- Hangul: 황룡산성
- Hanja: 皇龍山城
- RR: Hwangnyongsanseong
- MR: Hwangnyongsansŏng

= Hwangnyong Fortress =

Stone fortress in Nampo, North Korea

Hwangryong Fortress is a stone fortress of Goguryeo located in what is now Ryonggang county, Nampo in North Korea. It is designated as "No.37 National Treasure of North Korea". It is about 10-11 metres high, 6-8 metres in width and has a 6.6 kilometre circumference.

==History==
The fortress played a role to protect the capital Pyongyang during Goguryeo's control in the west side. The wall connects 8 major peaks and hilly area of Oseok mountain. According to Samguksagi, the fortress was enlarged several times from the early 5th century, which was followed by additional construction of stronghold during Gwanggaeto the Great. Later Jangsu of Goguryeo officially transferred the capital to Pyeongyang, while series of fortresses were constructed later this time.

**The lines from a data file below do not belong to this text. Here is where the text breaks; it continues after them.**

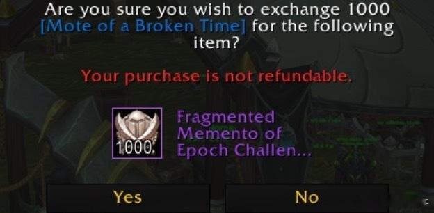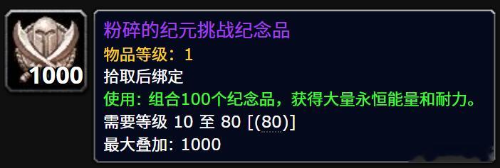 魔兽世界12月9日最新热修,现在允许玩家在军团再临remix中使用【破碎时间的微粒】兑换【粉碎的纪元挑战纪念品】。暴雪今天彻底放开了限制,而且兑换比例降低到了10个兑换10个。这意味着,现在玩家可以在永恒集市的艾鲁斯处进行无限制兑换。魔兽世界魔兽世界
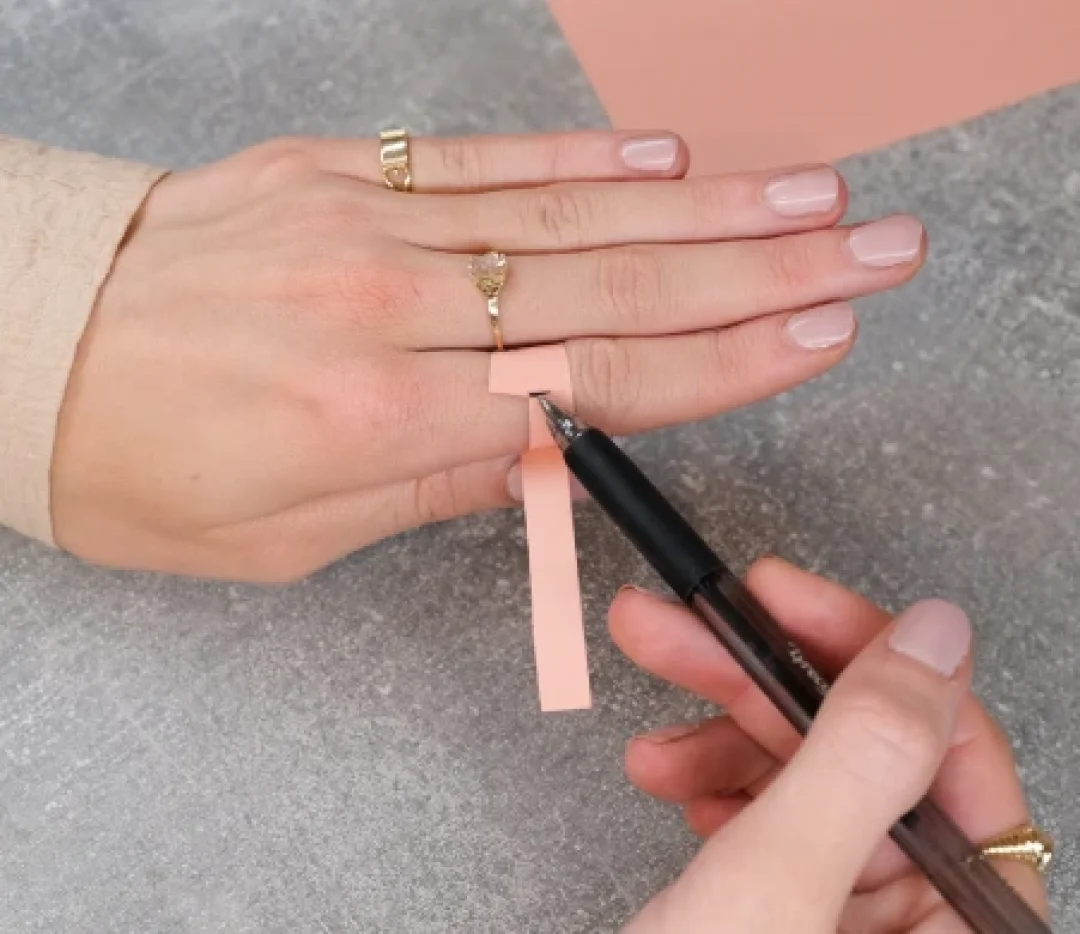 Wrap the piece of paper around your finger. Measure the finger on which you want to wear your new ring.
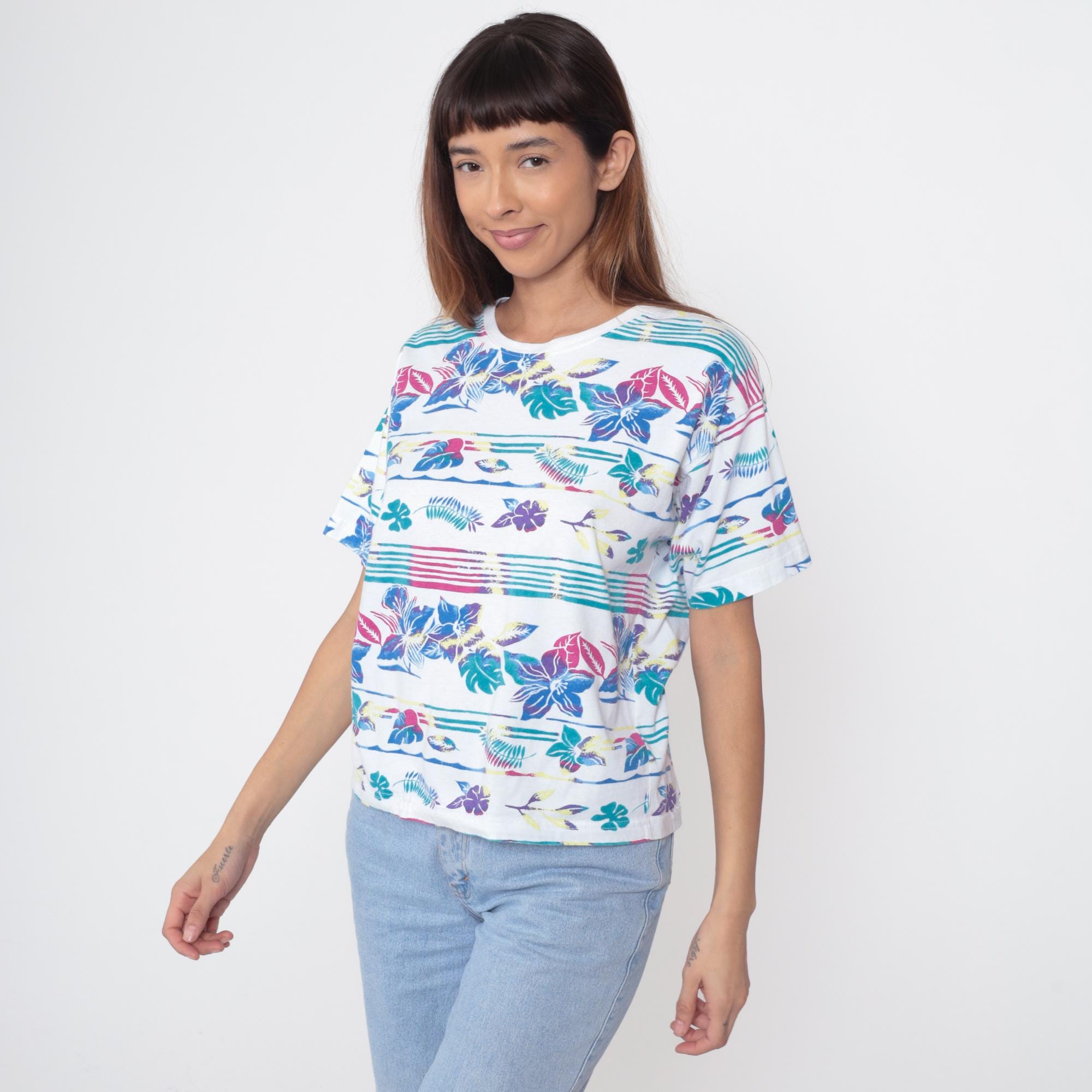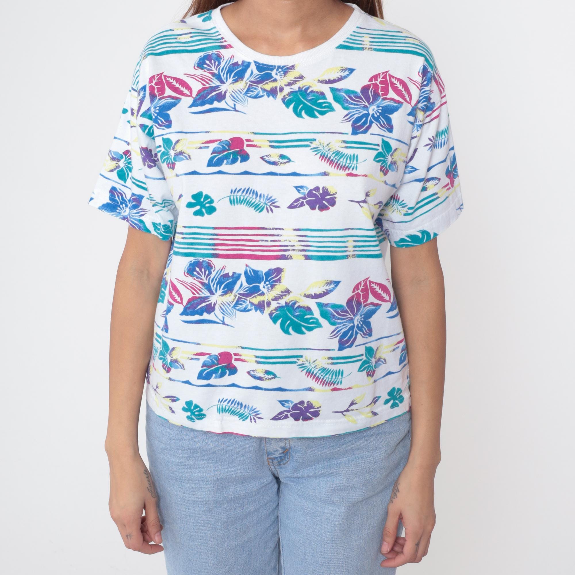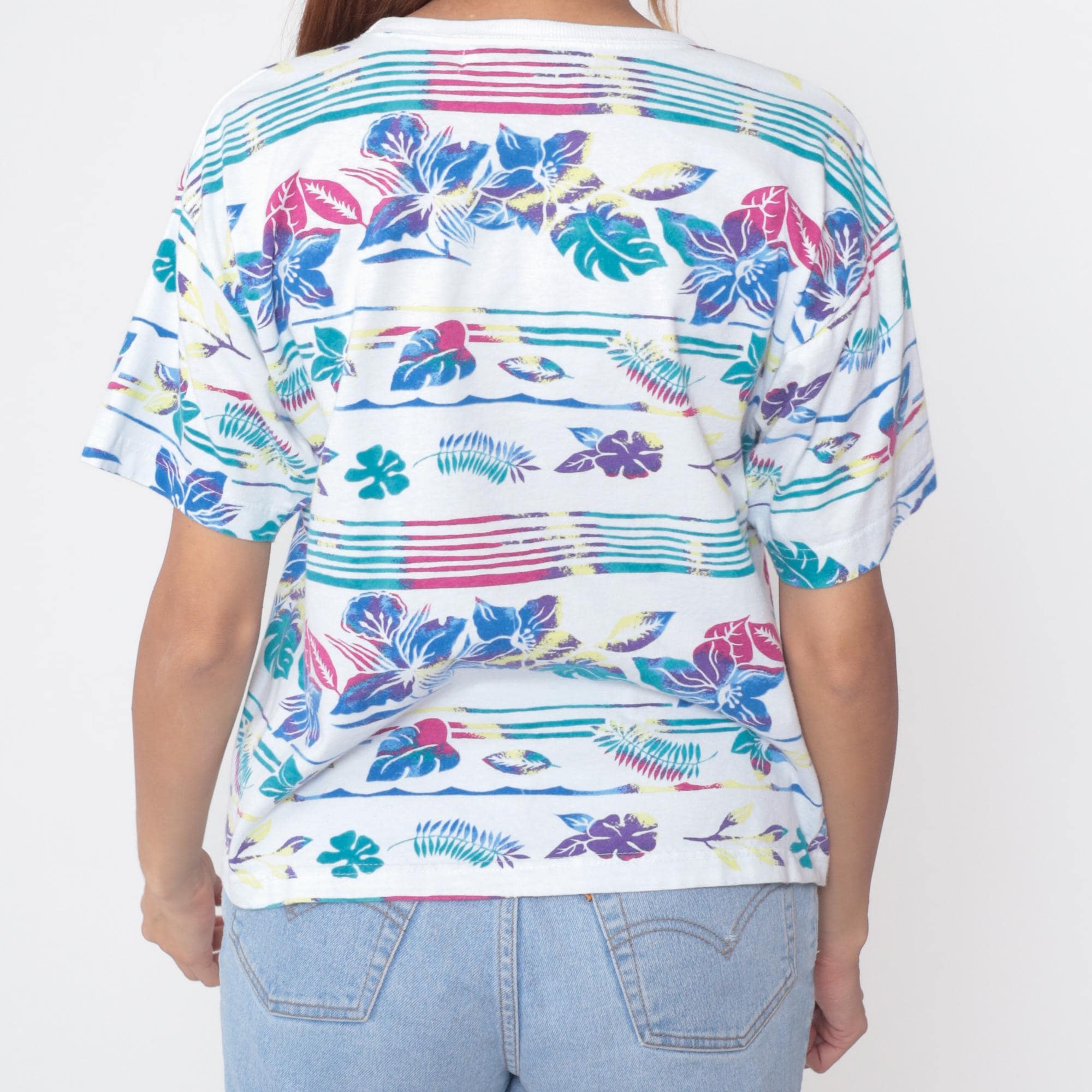 90s white t-shirt from Victoria Jones with tropical floral and stripe pattern. Turquoise, pink, purple, and yellow horizontal stripes with hibiscus flowers, monstera leaves, and palm fronds across the fabric.

Since the site is quite critical for the defense of northern area of Korean peninsula, the importance was not overlooked by the later kings. In 1675, Sukjong of Joseon reestablished northern part of this fortress to strengthen the national defense. That is to build exterior walls along 3 major gates of the castle, only except for the east side. Easter gate does not have anterior walls, either.